Harvey Offers Stark Warning: Dallas Should Build a Trinity River Preserve, Not Park

In the lead-up to the unveiling of the grand plans for a future Trinity River Floodway designed by renowned landscape architect Michael van Valkenburgh, the project’s designers and backers weren’t shy about their inspirations. They traveled around the country, looked at examples around the world, and found that a great model for how to turn a muddy Texas river prone to flooding into a grand urban park lay only a few hundred miles south of Dallas.

Houston’s Buffalo Bayou is the most obvious model for the current iteration of a 285-acre park with a $250 million price tag currently planned for a strip of floodway between the downtown bridges. Leading up to the unveiling of the van Valkenburgh plan, the Dallas Morning News’ architecture critic Mark Lamster practically gushed over what Houston accomplished in its floodway:

The centerpiece of that project, the $58-million, 160-acre Buffalo Bayou Park, will be completed over the summer, bringing a wonderland of verdant landscapes, scenic bridges, bike and pedestrian trails, restaurants and cafes, watersport facilities, a skate park and performance and art spaces to Houston’s downtown.

If it seems like a bit of nirvana, that’s because it is. Dallasites may rightly wonder how their neighbor to the south has managed to achieve so much, so quickly, while plans in their own city have stagnated.
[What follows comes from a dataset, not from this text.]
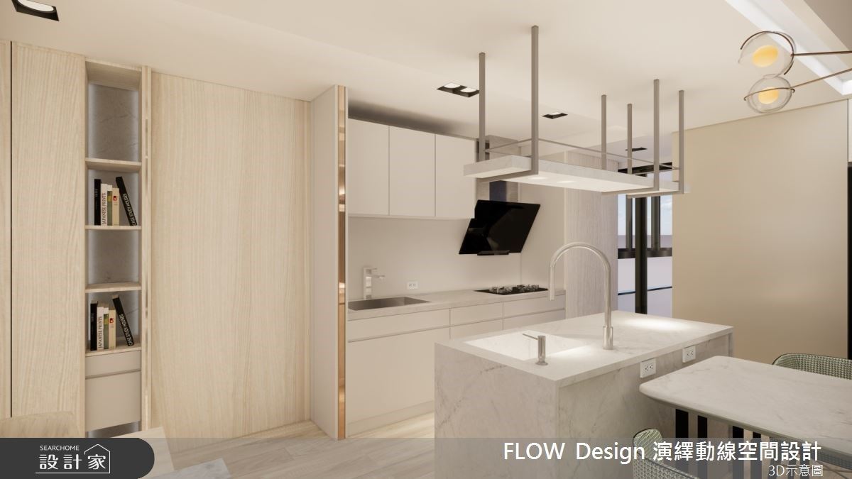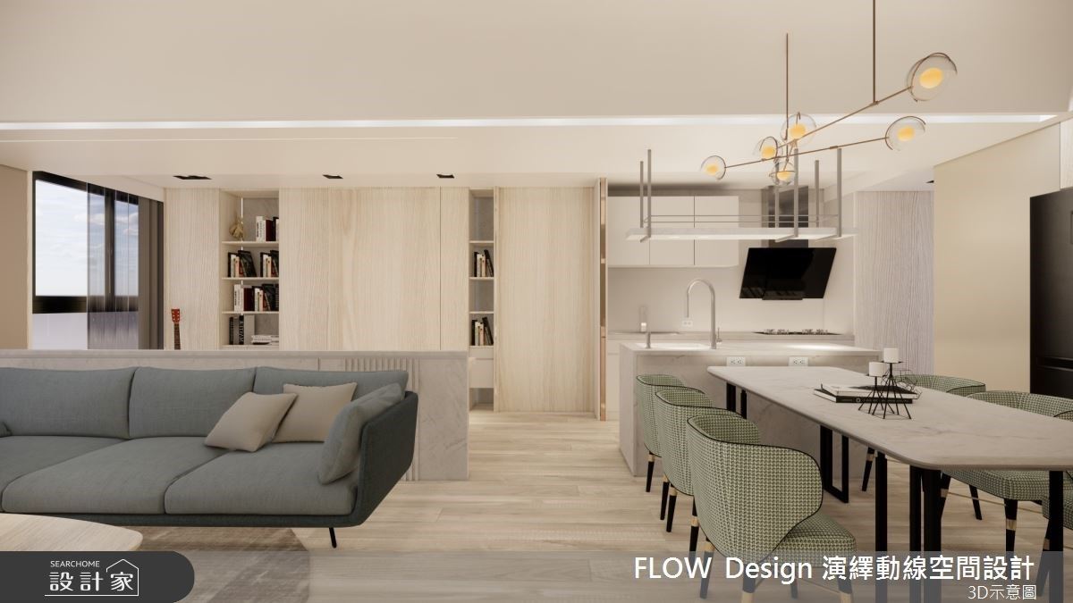40坪的中古老宅褪去岁月的痕迹化身为现代风奶茶系住宅,以全新的姿态在陪伴家人们下一个十年。 甫入屋内,玄关处规划落尘区作为日常出门前的最後一道仪式,并透过设置透明玻璃屏风化解视线直冲厅区的穿堂煞。进入室内以温柔的乳白、浅鹅黄搭配黄气氛黄灯营造亲切可人的形象。 沙发软件选择雾蓝色,既不会过於厚重又可融入整体;右侧安装大片落地窗扇引光入室提升整体采光照明。後方为一家人平日用餐交流的餐厨场域,为符合屋主的期望在动线规划上巧思设计让厨房与书房可以相连通,拉近与孩子们的距离,并於流理台上方加装吊挂收纳层板,有效利用垂直收纳空间。 寝卧私领域延伸一贯风格,重新规画格局将原先畸零的小房间纳入规划为专属的更衣间,慰劳妈妈平日打点家中辛苦的付出。 小编的最爱 全屋各角落、房间皆周全规划到对外向阳窗,家中成员无论走到哪里都可以在艳阳日感受到光的温暖

Oh, what a difference a trillion gallons of rain makes. In an article in Houston Press last month, Diana Wray takes stock of what happens to a “wonderland of verdant landscapes” when the harsh reality of Texas’ temperamental torrents – super-sized by climate change — come down hard. The photos look much like the Trinity does after a episode of flooding: massive deposits of silt, debris, trash, and sewage. The parts of the park that echo the natural ecology of the Texas landscape have fared okay, but any designed, architectural, or park-like features have been devastated:

Buffalo Bayou rose to a record 38.7 feet at the Shepherd Drive bridge during the course of the hurricane, and while the upper portions of the park weathered the storm and the subsequent torrent of water that rushed down the bayou, with little damage to the perennial gardens, upper-level trees and trails on the higher portions of the park, water swallowed the bottom two-thirds of the park. That has made it difficult for the Buffalo Bayou Partnership, the entity that oversees Eleanor Tinsley and the rest of the 160-acre Buffalo Bayou Park system below Shepherd Drive, to actually assess the damage that has been done, let alone to start making repairs. Johnny Steele Dog Park, wiped out in every major flood in the past two years, is still underwater post-Harvey and an odor, a mix of brackish water and a heavier stench of manure, permeates much of the area near the bayou banks throughout the park.